(Input material Opens)

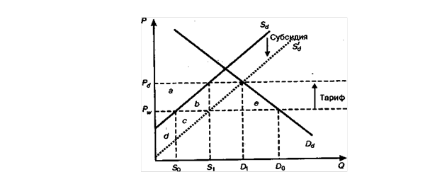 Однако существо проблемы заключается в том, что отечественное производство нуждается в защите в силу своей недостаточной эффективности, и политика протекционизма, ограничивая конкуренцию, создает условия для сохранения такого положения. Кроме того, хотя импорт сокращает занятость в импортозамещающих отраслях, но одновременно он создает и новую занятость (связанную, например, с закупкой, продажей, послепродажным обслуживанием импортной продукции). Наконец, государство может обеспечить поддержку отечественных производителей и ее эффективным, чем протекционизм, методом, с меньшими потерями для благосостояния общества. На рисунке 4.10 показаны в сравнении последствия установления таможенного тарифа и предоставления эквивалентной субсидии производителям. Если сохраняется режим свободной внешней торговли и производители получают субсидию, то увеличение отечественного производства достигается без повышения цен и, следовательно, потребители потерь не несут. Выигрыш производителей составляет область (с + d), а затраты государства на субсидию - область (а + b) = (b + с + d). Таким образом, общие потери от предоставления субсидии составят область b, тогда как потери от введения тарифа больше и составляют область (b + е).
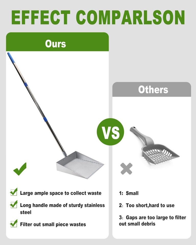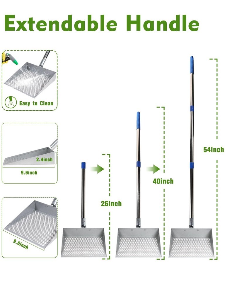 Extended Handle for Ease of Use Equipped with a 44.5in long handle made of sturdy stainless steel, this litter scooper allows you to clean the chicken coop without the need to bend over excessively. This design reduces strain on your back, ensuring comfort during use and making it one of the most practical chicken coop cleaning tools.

(Input material Closes)
(Input material Opens)

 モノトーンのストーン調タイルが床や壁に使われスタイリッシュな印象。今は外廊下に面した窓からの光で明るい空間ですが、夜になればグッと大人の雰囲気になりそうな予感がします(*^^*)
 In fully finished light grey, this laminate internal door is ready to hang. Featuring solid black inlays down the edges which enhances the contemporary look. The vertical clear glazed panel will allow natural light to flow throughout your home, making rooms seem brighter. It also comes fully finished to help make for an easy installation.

(Input material Closes)
(Input material Opens)

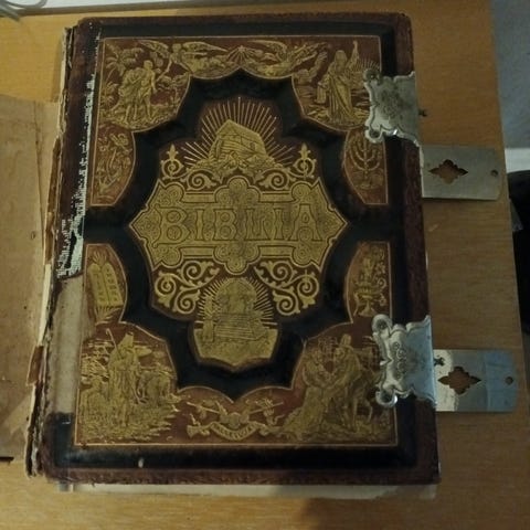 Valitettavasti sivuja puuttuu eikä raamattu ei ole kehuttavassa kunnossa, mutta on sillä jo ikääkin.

(Input material Closes)

• Required work
Starting with the line above that holds "Однако существо проблемы", restate each line word for word up to and including the line that holds "Extended Handle for". Drop the pictures.

• Task response
 Однако существо проблемы заключается в том, что отечественное производство нуждается в защите в силу своей недостаточной эффективности, и политика протекционизма, ограничивая конкуренцию, создает условия для сохранения такого положения. Кроме того, хотя импорт сокращает занятость в импортозамещающих отраслях, но одновременно он создает и новую занятость (связанную, например, с закупкой, продажей, послепродажным обслуживанием импортной продукции). Наконец, государство может обеспечить поддержку отечественных производителей и ее эффективным, чем протекционизм, методом, с меньшими потерями для благосостояния общества. На рисунке 4.10 показаны в сравнении последствия установления таможенного тарифа и предоставления эквивалентной субсидии производителям. Если сохраняется режим свободной внешней торговли и производители получают субсидию, то увеличение отечественного производства достигается без повышения цен и, следовательно, потребители потерь не несут. Выигрыш производителей составляет область (с + d), а затраты государства на субсидию - область (а + b) = (b + с + d). Таким образом, общие потери от предоставления субсидии составят область b, тогда как потери от введения тарифа больше и составляют область (b + е).
 Extended Handle for Ease of Use Equipped with a 44.5in long handle made of sturdy stainless steel, this litter scooper allows you to clean the chicken coop without the need to bend over excessively. This design reduces strain on your back, ensuring comfort during use and making it one of the most practical chicken coop cleaning tools.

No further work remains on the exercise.